Use “The Story I Make up …” When You Are Upset About Someone
On the beach I go to during the summer, a gaggle of other mothers and their children have camped in the shade of the trees, just like me and my children. I got to know some of them a bit this summer – good enough to say hello, exchange information about sunscreen and babysitters, talk about our work, and so on.
And yet this group of mothers are more connected to each other than any of them to me, and for some time this summer it bothered me a little: I heard them making plans for walks and playing on dates for their children. and I couldn’t help but feel a little left out. And since I’m a moderately anxious person (I used to think it was social anxiety, but in fact it’s all anxiety), I immediately came to my worst interpretation: they didn’t like me. Obviously I said something strange. Or worse, I was a fundamentally strange person, the walking embodiment of the red flag of friendship.
When you feel rejected, ignored, or otherwise upset, tell your partner or friend, “The story I am writing …” and then describe your interpretation of the events that are taking place.
At this point, I stumbled upon an interview with Brena Brown , author of The Great Insolence and a leading voice on the topic of shame and vulnerability . In an interview, Brown describes what she believes to be her number one ploy in relationships: to say (when you feel rejected, ignored, or otherwise upset) to your partner or friend, “The story I’m making is … ”, and then describe your interpretation of the events taking place.
Brown gives an example of swimming in a lake with her husband and “betting” on a romantic relationship, but twice dismisses it with short answers. “It hurts,” she told him, “I’m making up a story: either you looked at me while I was swimming and thought,“ Dude, she’s getting old. ” She can’t even swim freestyle. Or you saw me and thought, ” She doesn’t fucking rock the speedometer like she did twenty-five years ago.”

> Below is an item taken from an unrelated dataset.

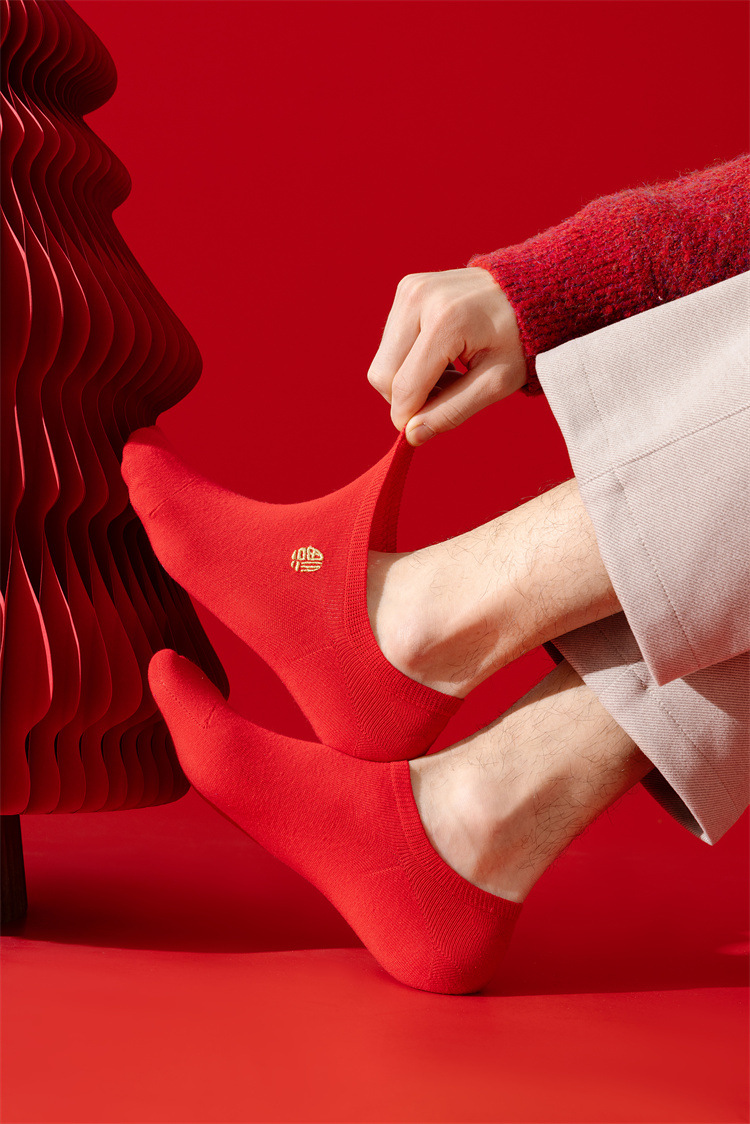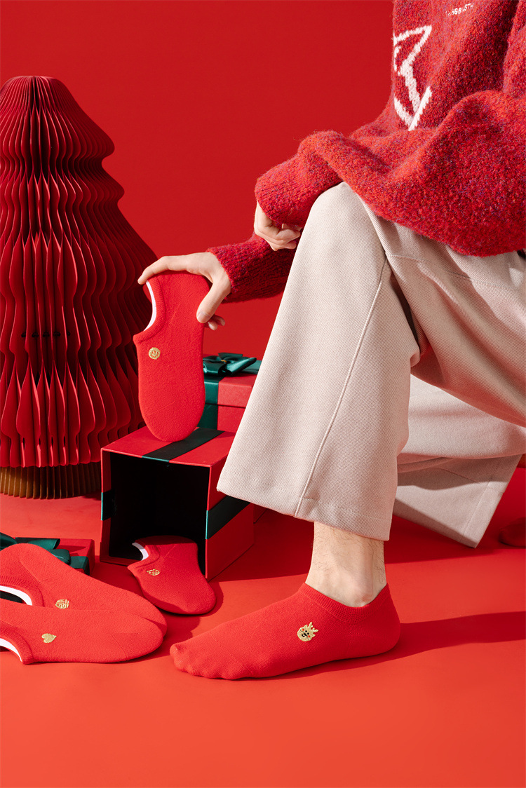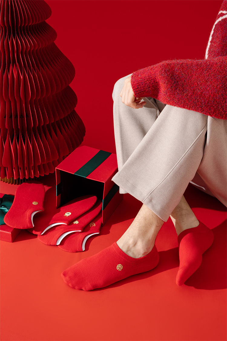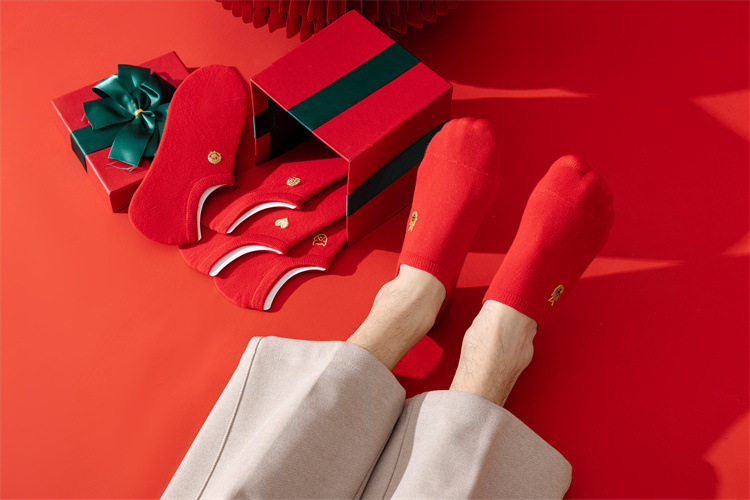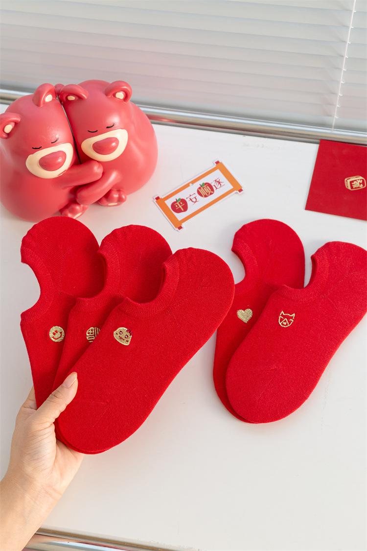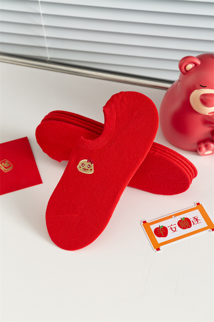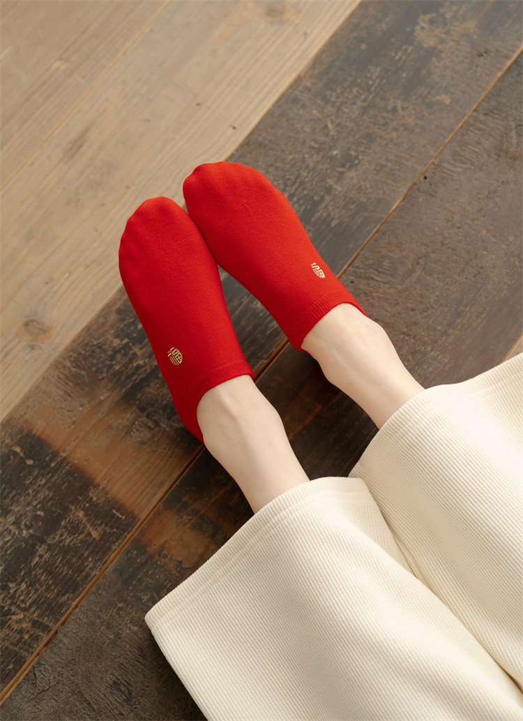 2026년 신상 자수 행운의 뱀 여성용 원년 양말 실리콘 미끄럼 방지 빨간 양말 신혼 양말스토어 가기

Is it rational? No. But saying these words to her husband opens up a conversation that 1) makes him understand that she feels ignored, and 2) recognizes that there are elements that she may not understand. The preface “the story I tell myself” allows for the possibility that the speaker may be wrong. It’s infinitely better than Brown’s stub: “You don’t want to talk to me because I look fat in a bikini, huh? Well, fuck you, man! “and falls off. (We all know people who do such things; we don’t want to be people who do such things.)
It turned out that her husband actually had a panic attack in the water and was trying to stay calm until they got to the pier.

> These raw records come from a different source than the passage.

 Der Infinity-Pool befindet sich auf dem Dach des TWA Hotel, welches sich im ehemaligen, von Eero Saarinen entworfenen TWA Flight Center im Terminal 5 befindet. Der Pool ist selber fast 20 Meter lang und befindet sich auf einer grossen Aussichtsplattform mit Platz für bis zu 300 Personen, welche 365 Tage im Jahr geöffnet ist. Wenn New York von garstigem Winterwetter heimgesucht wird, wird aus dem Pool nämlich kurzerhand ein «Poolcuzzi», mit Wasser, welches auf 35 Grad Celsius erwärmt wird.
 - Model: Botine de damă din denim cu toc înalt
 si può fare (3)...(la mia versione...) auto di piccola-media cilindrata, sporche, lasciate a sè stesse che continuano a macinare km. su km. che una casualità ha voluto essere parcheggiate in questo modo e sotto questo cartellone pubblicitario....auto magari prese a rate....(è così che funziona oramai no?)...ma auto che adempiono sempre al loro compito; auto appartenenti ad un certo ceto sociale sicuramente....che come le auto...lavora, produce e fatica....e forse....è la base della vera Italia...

I love this technique because it is a way to practice empathy, which in my personal study of social skills is the number one quality that separates socially adapted people from paranoid psychos. They have it in friendship, romantic relationships, and casual acquaintances. They do not automatically jump to worst-case interpretations because they assume that other people may have experiences they are unaware of.
Re: Beach Moms: I’m going to march up to them and say, “I’m telling myself a story that you all don’t like me because I’m weird”? NO. That would be fucking banana and manipulative and would definitely define me as the craziest mother on earth, and to be honest, my kids have enough problems.
But I can say a phrase to myself, and I can even say, go back to myself, “these mothers have known each other for years, their children go to the same school, and the same age, and you just met them ten minutes back. It takes time to develop friendships. ”
And I will probably try it in my relationship with my husband, who tends to have long interruptions in silence, which I often interpret as boredom or annoyance (and which tend to arise from email conversations at work or family.) mail / text, in which I do not participate.).
If you, like me, tend to view interpersonal events as negative, when they are truly neutral or even positive, this might be a good start to retrace your thinking – if you preface it, “the story I tell myself.” out loud or not.
And if I see you on the beach, say hello. Otherwise, you won’t believe the story I’m telling myself.